Doc: How much exercise you get in a week?
Me: Does sex count?
Doc: Yes
Me: None
He just like my cat fr
The moral of Snow White is if a woman poisons you because you’re prettier than her, find some men to chase her off a cliff while you sleep.
Yesterday I watched a YouTube tutorial on how to install a chandelier.
Today I’m watching a YouTube tutorial on how to clean up after a chandelier fire.
*gets first nose bleed since childhood*
Apparently our periods have synced, can I have some Midol and a tampon?
Who called it “falling in love” and not “assisted suicide”?
[Batman picking a catchphrase]
Bruce: what’s good for the Bruce is good for the Gander
Alfred: nothing to do with bats/gives away your identity
Bruce: i’mma throw two Bruce’s up on crime
Alfred: *rubbing temples* how about “i’m Batman”
Bruce: you’re cruising for a Bruce-ing
I missed two of my mom’s calls, so I assume the helicopter that just flew over my house is part of the search crew she called.
Protip: Never end a work email with “Let me know if you want to discuss” without immediately leaving the building.
My friend just brought me a coffee and I started crying bc it was such a sweet and small but genuine act of kindness and she was like “I’m your waitress, you literally just ordered this” and that is just classic her I love her so much
I was sad to have to throw my son out of home, but it was either him or the cat.
Trump says that Obama founded ISIS but in his defense Donald thinks that founded is a synonym for “located”
If you see something, say something.
My dog: i got this
My 1 year-old got mad with one of his toys today and threw it. I asked him what happened and he insisted it fell.
One day, he’s going to make an excellent mobster.
Got kicked out of the karaoke bar last night for getting 3 women pregnant when I sang Careless Whisper.

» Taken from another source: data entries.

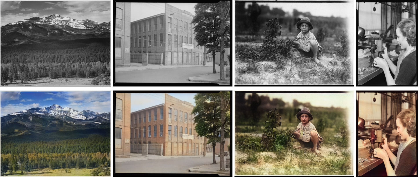 「ファイルを選択」ボタンを押し、色を付けたい画像を選択、「色付け!」ボタンをクリックすれば、カラーになった画像が表示される。シモセラ・エドガー助教がTwitterで「百年前の写真でも使用可能です。
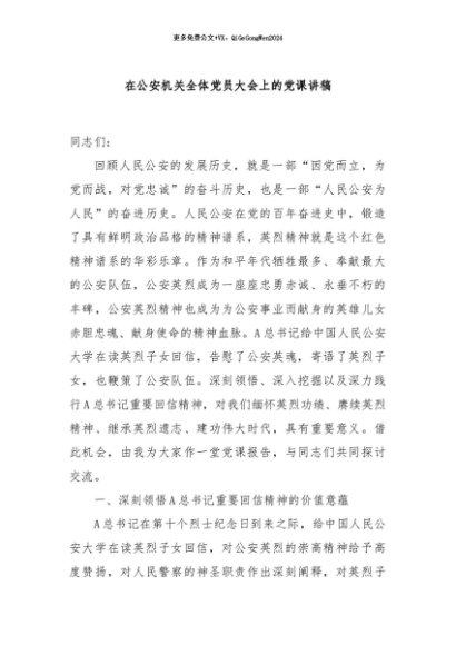 / 【七哥公文】2024年:在公安机关全体党员大会上的党课讲稿+更多免费公文+VX:QiGeGongWen2024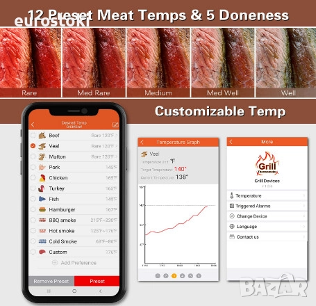 Високоточни показания. Bluetooth термометърът за месо измерва температури от 1 °C до 300 °C (33 °F до 572 °F) с точност от ±1,8 °F/1 °C, осигурявайки бързи и точни показания всеки път.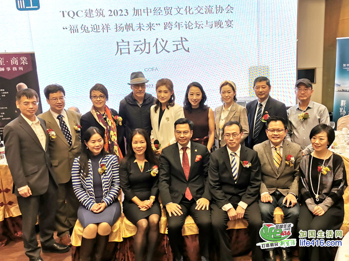 【加国生活网】 “知识跨年”现在已经成为广受欢迎的跨新年方式!2022年11月18日上午11am,加中经贸文化交流协会在樽宴大酒楼隆重举办跨年论坛启动仪式,正式宣布由加中经贸文化交流协会(CCEA) 主办,TQC建筑冠名赞助的 “TQC 建筑 2023 福兔迎祥 扬帆未来 跨年论坛与晚宴” 将于2022年12月18日在Richmond Hill 钓鱼台国宴举办。80多位本地地产、商界、金融界精英、经济界知名学者、社团领袖,高校校友会长代表,媒体等将齐聚一堂。多伦多大学博士讲师、加中经贸文化交流协会副会长、星岛1电台主持人韩笑博士主持启动仪式。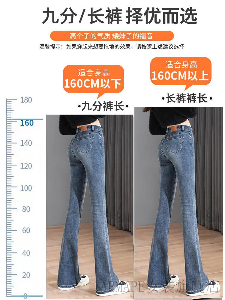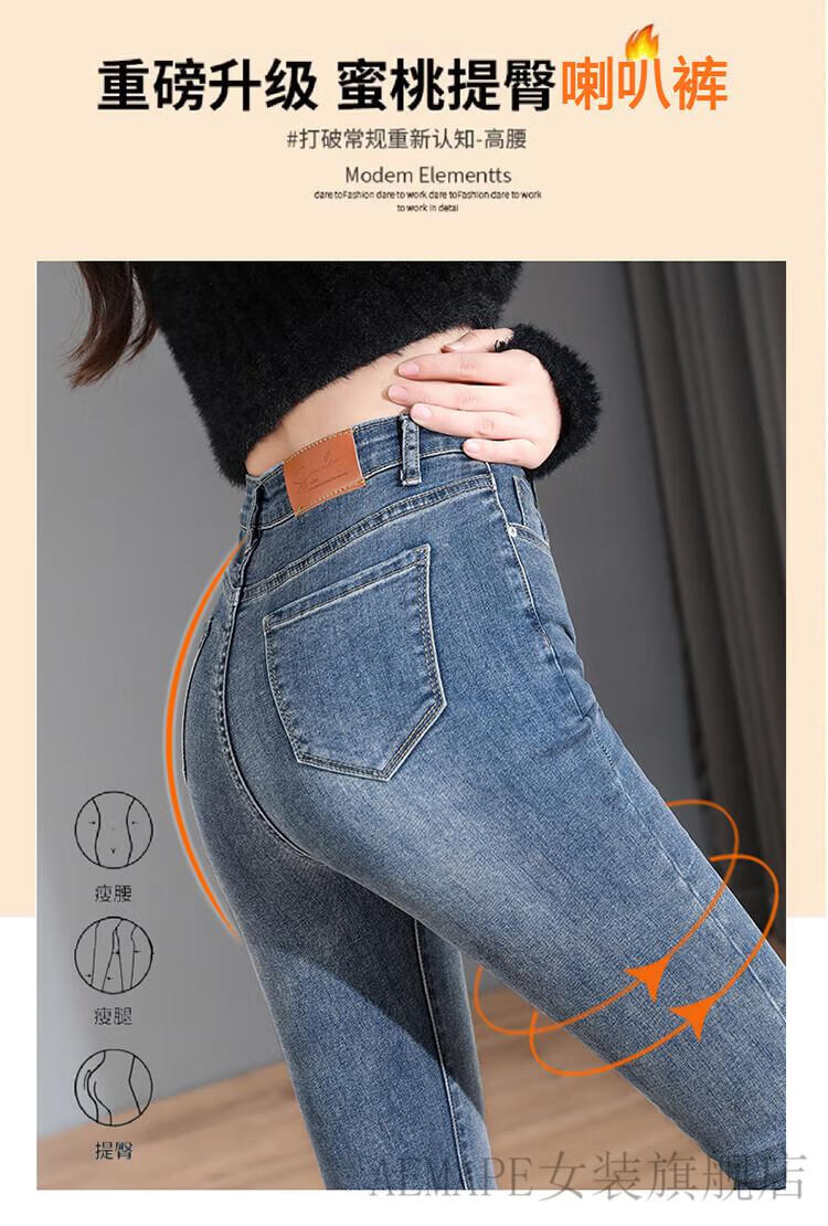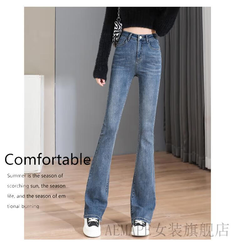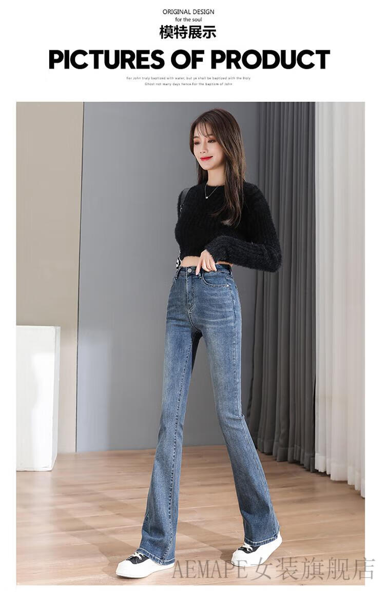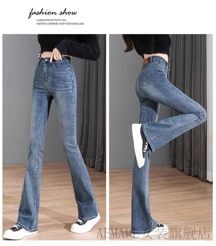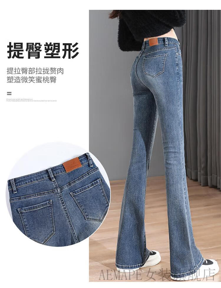 AEMAPE微喇叭牛仔裤女秋2025春秋冬装新款高腰显瘦小个子加绒裤子女 复古蓝(单裤九分裤) M (建议98—110斤)

ME: oh no inanimate objects are coming to life
FRIEND: what where
ME: look out the window
STEPHEN KING: But the warning came too late. The evil window attacked
If you haven’t tried blindfold archery you should give it a go, you don’t know what you’re missing.
Sure boss, I’d love to take on some extra work, I have like 7-8 free hours a night where all I do is sleep anyway.
I named all my Nest cameras “the bedroom”… now every time someone walks anywhere in my house my husband gets the notification “Nest noticed action in the bedroom “
No matter how badly you need the money, never take a loan from the gulls. They can’t be reasoned with, and they will find you.
5-year-old: Guess what? Today in school someone’s EYE broke open.
Me: What???
5-year-old: I’m done telling this story.
*Tries to warm up car*
Car: I have a boyfriend
I just found a spot so sticky on my kitchen floor that it actually pulled my sock off my foot….so yeah living with children is a delight.